§ The task: Your answer must be exactly the lines from the one containing "최대 징역 40년이다." through the end of the material, both ends included, without pictures.

§ Material shown:
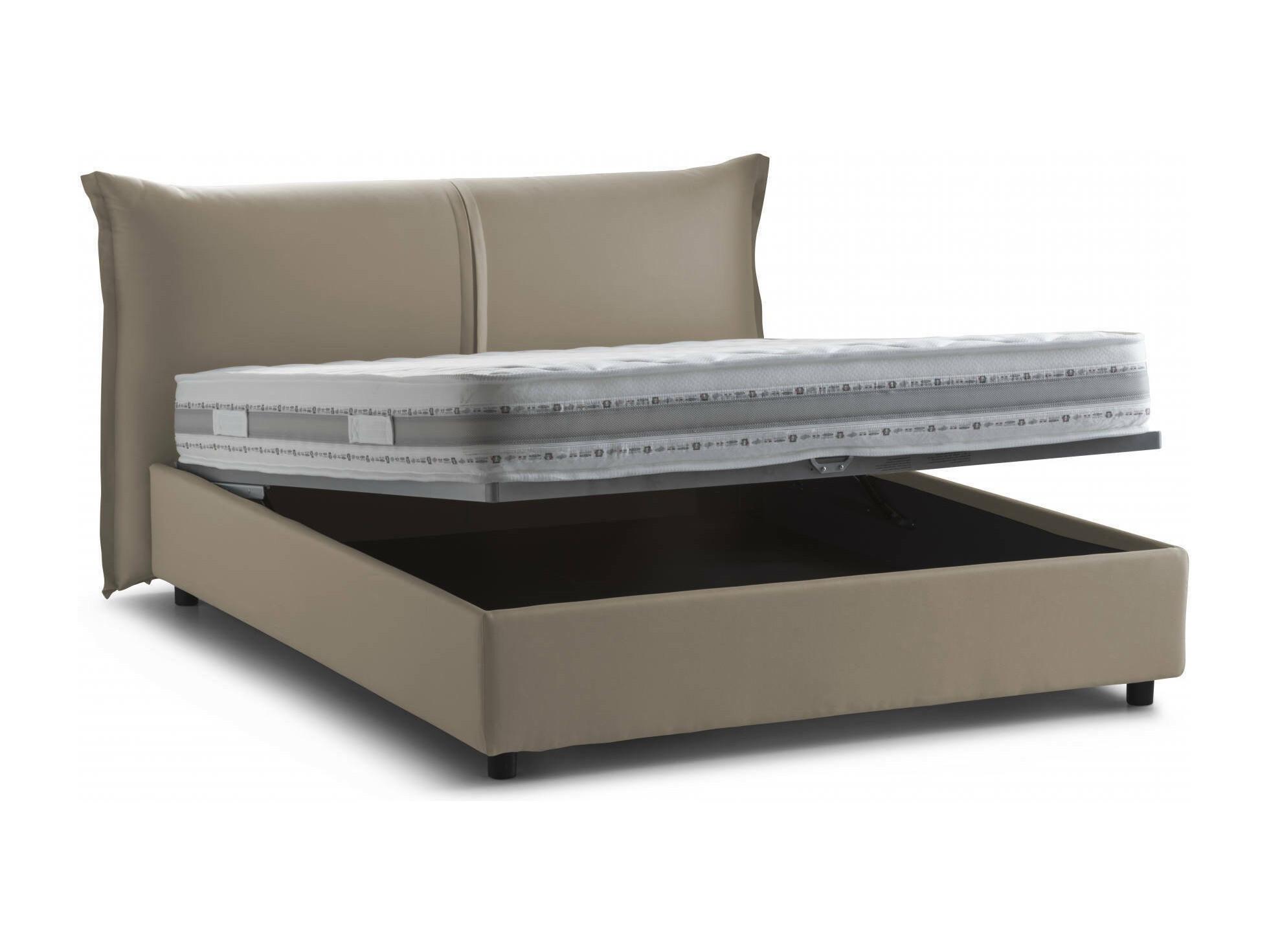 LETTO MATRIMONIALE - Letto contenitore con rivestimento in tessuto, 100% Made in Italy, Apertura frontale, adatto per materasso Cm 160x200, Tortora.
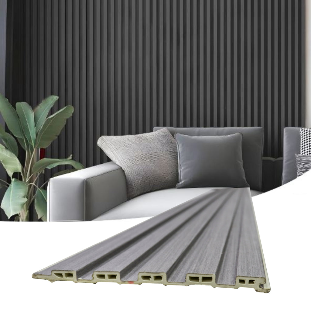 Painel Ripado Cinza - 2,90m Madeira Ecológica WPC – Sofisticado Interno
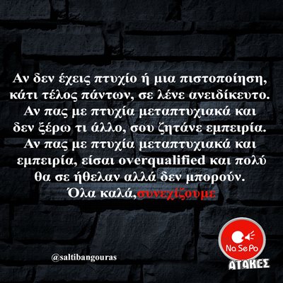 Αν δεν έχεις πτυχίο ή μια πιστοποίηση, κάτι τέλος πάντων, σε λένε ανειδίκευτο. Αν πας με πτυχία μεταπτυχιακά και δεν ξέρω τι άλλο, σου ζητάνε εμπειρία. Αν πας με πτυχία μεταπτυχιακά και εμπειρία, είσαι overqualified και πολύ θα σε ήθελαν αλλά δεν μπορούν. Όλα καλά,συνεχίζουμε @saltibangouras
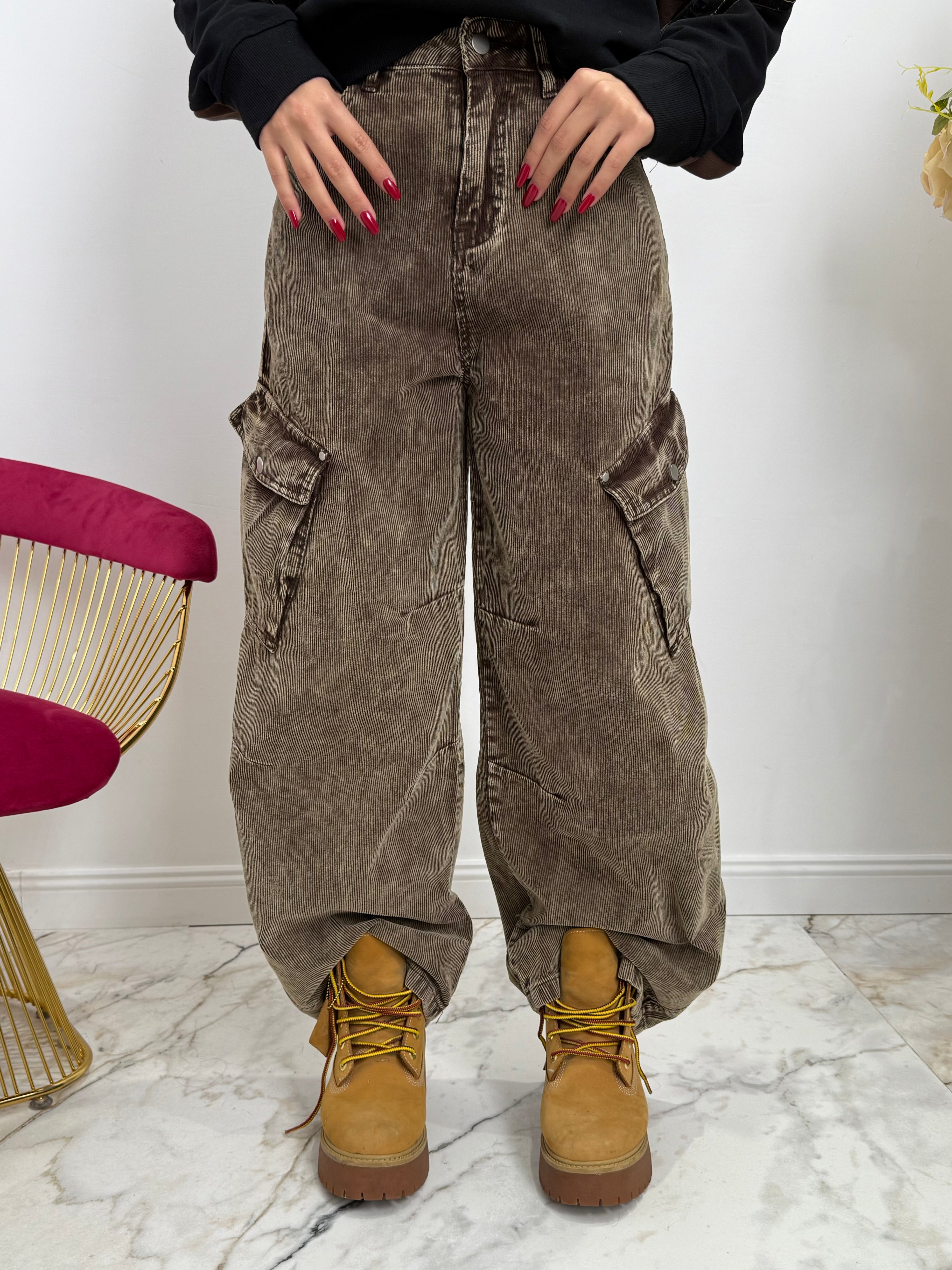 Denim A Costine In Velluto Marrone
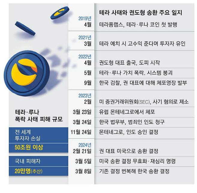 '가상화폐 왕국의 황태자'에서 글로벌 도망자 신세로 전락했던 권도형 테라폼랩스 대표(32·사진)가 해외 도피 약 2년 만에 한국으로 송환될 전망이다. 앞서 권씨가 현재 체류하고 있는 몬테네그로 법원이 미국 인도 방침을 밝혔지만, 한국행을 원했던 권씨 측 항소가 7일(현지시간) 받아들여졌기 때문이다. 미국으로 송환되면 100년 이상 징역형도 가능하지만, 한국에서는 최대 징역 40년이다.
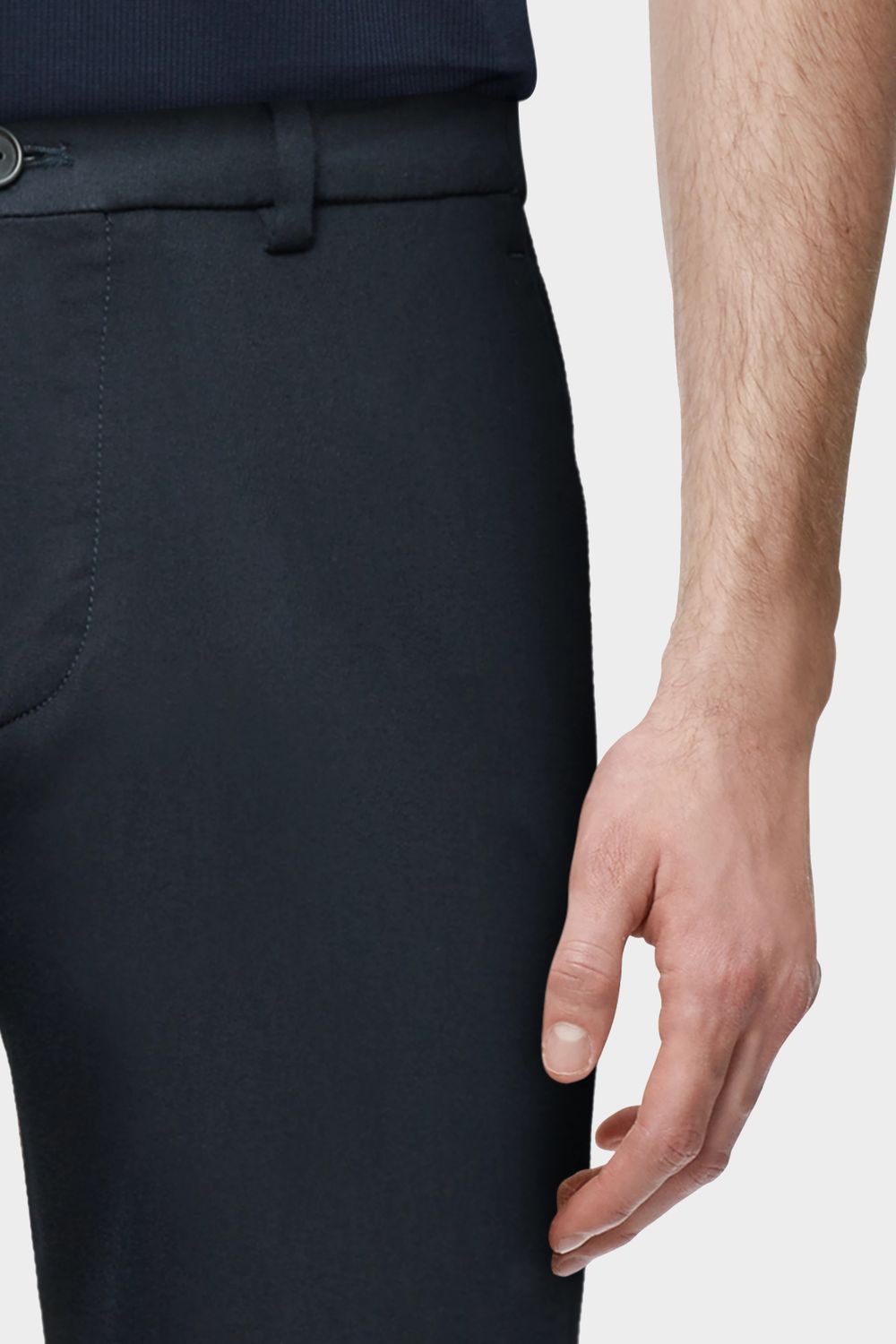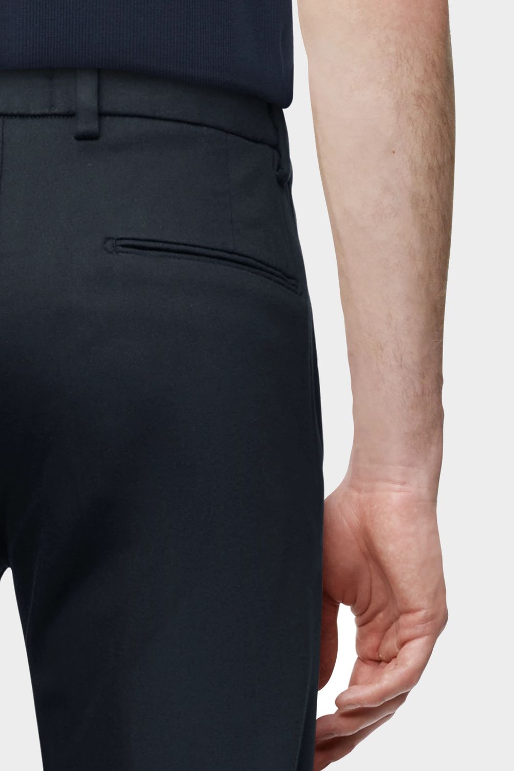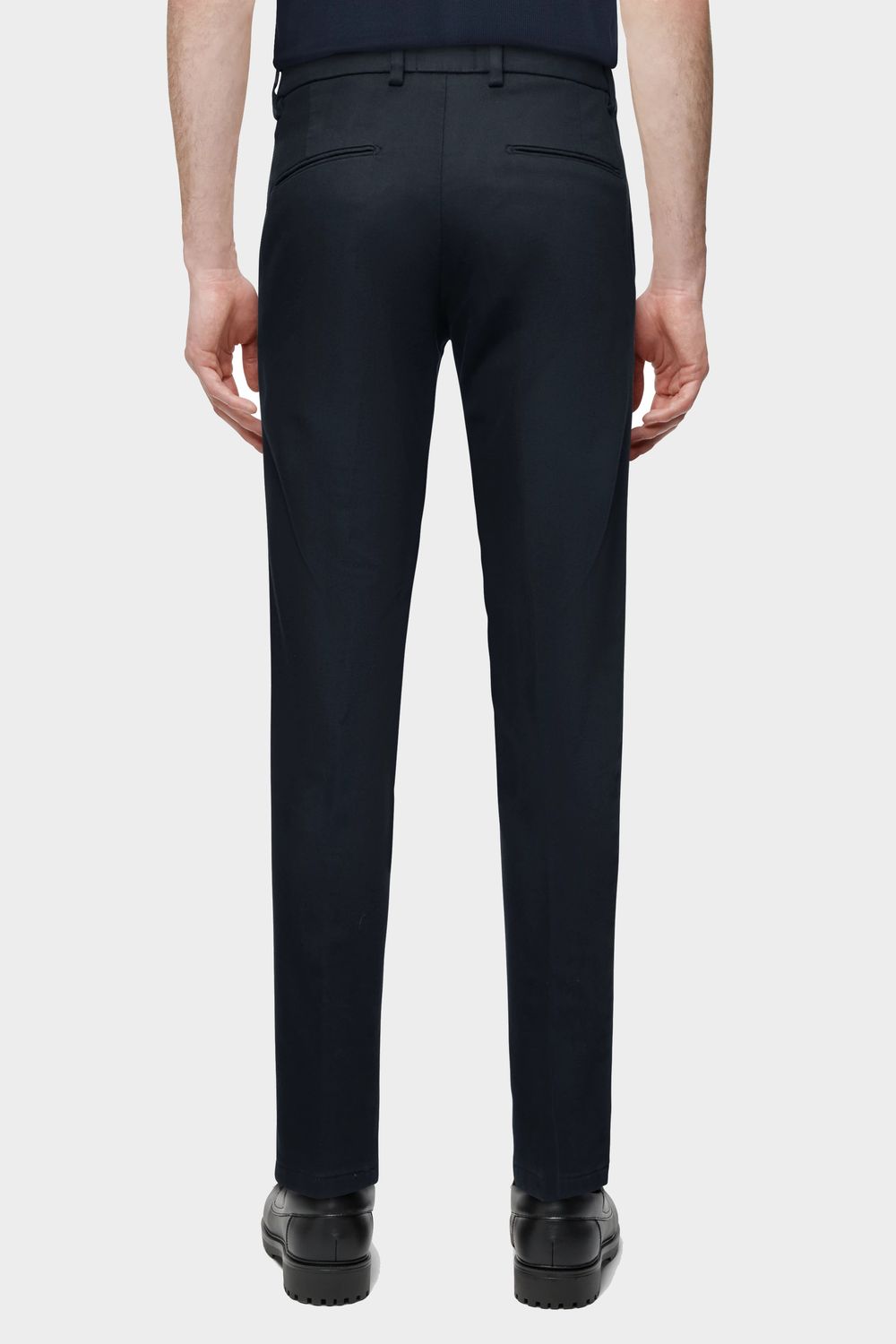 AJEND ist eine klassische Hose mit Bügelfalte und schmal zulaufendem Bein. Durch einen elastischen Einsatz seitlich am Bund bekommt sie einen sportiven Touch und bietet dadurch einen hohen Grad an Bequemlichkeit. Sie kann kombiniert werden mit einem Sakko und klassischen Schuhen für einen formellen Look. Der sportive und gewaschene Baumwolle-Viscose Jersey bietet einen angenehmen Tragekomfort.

§ Answer section:
 '가상화폐 왕국의 황태자'에서 글로벌 도망자 신세로 전락했던 권도형 테라폼랩스 대표(32·사진)가 해외 도피 약 2년 만에 한국으로 송환될 전망이다. 앞서 권씨가 현재 체류하고 있는 몬테네그로 법원이 미국 인도 방침을 밝혔지만, 한국행을 원했던 권씨 측 항소가 7일(현지시간) 받아들여졌기 때문이다. 미국으로 송환되면 100년 이상 징역형도 가능하지만, 한국에서는 최대 징역 40년이다.
 AJEND ist eine klassische Hose mit Bügelfalte und schmal zulaufendem Bein. Durch einen elastischen Einsatz seitlich am Bund bekommt sie einen sportiven Touch und bietet dadurch einen hohen Grad an Bequemlichkeit. Sie kann kombiniert werden mit einem Sakko und klassischen Schuhen für einen formellen Look. Der sportive und gewaschene Baumwolle-Viscose Jersey bietet einen angenehmen Tragekomfort.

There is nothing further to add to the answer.